The Bruins gained 263 yards on 43 carries, an average of 6.1 ypc. The yardage and ypc were season-worst for the Cardinal defense and season-best for the UCLA offense.

But the real culprit here was the Cardinal offense, not the defense. Yes, the starting offensive line featured three true freshmen, one of whom was making his first start, and yes, the Cardinal gave a start to a third quarterback in the same season for the first time in 45 years. And yes, the offense was putrid, no matter how much weight one gives to these mitigating factors. The offensive awfulness is this week’s The Bad.

• The Ugly

The Bruins averaged 5.91 yards per play against the Cardinal, a rate exceeded this season only in UCLA’s extraordinary 67-63 comeback win at Washington State University. Head coach Chip Kelly’s squad racked up 657 yards on 75 plays for a fantastic 8.76 ypp in beating the Cougars.

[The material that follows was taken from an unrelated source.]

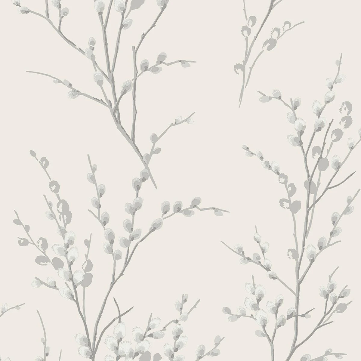 Het Pussy Willow dessin is een mooi en fris bloemenmotief dat elegantie brengt in iedere ruimte. De staalkleurige acccenten op een gebroken witte achtergrond geven een eigentijdse draai aan dit ontwerp.
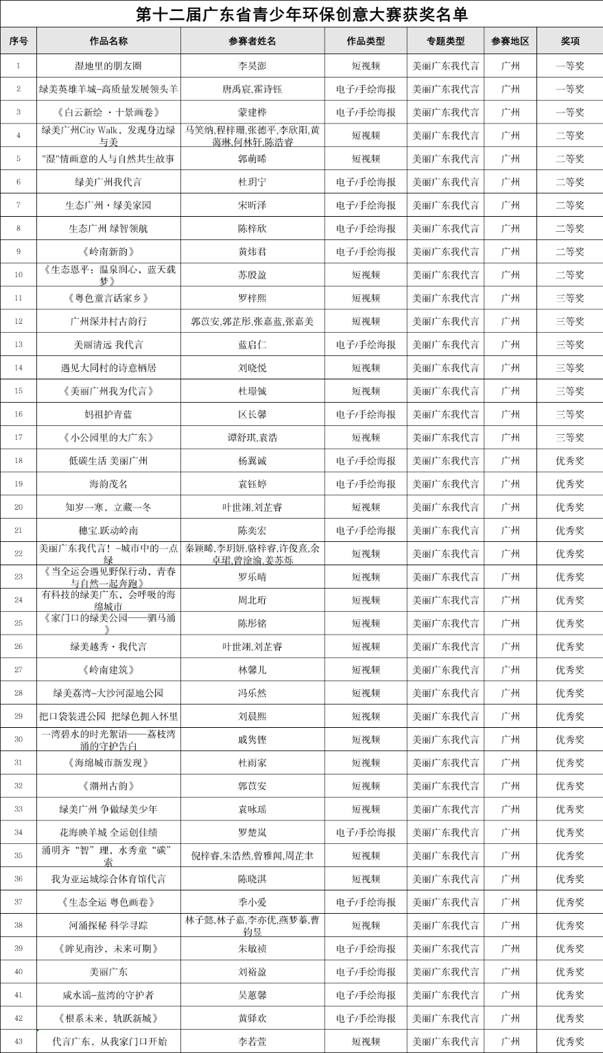 近日,第十二届广东省青少年环保创意大赛获奖名单正式揭晓!作为全省青少年环保创意的 “竞技场”,本届大赛征集参赛作品6000余件,共诞生 140 件优秀获奖作品,其中广州市斩获 43 个奖项,占全省获奖总数近三成,用创意与实力交出了一份亮眼的 “绿色答卷”,充分展现了广州青少年对生态环保的深刻思考与担当。

The defense had some breakdowns, but they also had some near-misses, notably on UCLA’s first touchdown. Junior outside linebacker Gabe Reid evaded freshman left tackle Sean Rhyan and got a hand on Dorian Thompson-Robinson just as the Bruins sophomore quarterback was throwing to the end zone.

The Cardinal D was certainly not helped by their offensive counterparts, whose first three possessions of the second half took just three minutes and seven seconds off the clock. It’s probably not a coincidence that the Bruins got their lone second-half touchdown after West threw incomplete on three straight attempts in a fourth-quarter possession that ended after only 23 seconds.

Still, given that the Bruins were held to 14 points in their first three games and 17 points in their fifth game, and were averaging only 26.2 points per contest coming into Stanford Stadium, I can’t entirely let the defense off the hook. Moreover, this unit let Joshua Kelley break not one but two 50-yard rushes on route to a season-best 176 yards. That comes out 9.8 yards per carry, mind you.

On the other other hand, I guess this could have been worse; after all, USC and UCF both put up 45 points on the D in consecutive games in September. So the Stanford defense’s play against the Bruins is this week’s The Ugly.

• The Good

There are exactly two highlights for Stanford that come up when I think about this game. The first was the Cardinal’s first touchdown, which came when a thrilling punt block by freshman safety Spencer Jorgensen enabled sophomore wide receiver Brycen Tremayne to recover a loose ball in the end zone.

The second was the penalty situation. The Bruins were flagged eight times for 72 yards, while the Cardinal were penalized three times for 14 yards. The latter two numbers were both season lows for Stanford.

Yes, two of those flags were quite costly for the Farm team. The first defensive offside gave the Bruins second and goal at the 4; the next gave the visitors first and five at their 30; and the last, and most calamitous, converted third and 1 at the visitor 46 into first down at the home 49.

It’s not much — but maybe it’s something the team can hang its hat on. The squad’s ability to avoid eliciting flags (especially by the otherwise woeful offense) is this week’s The Good.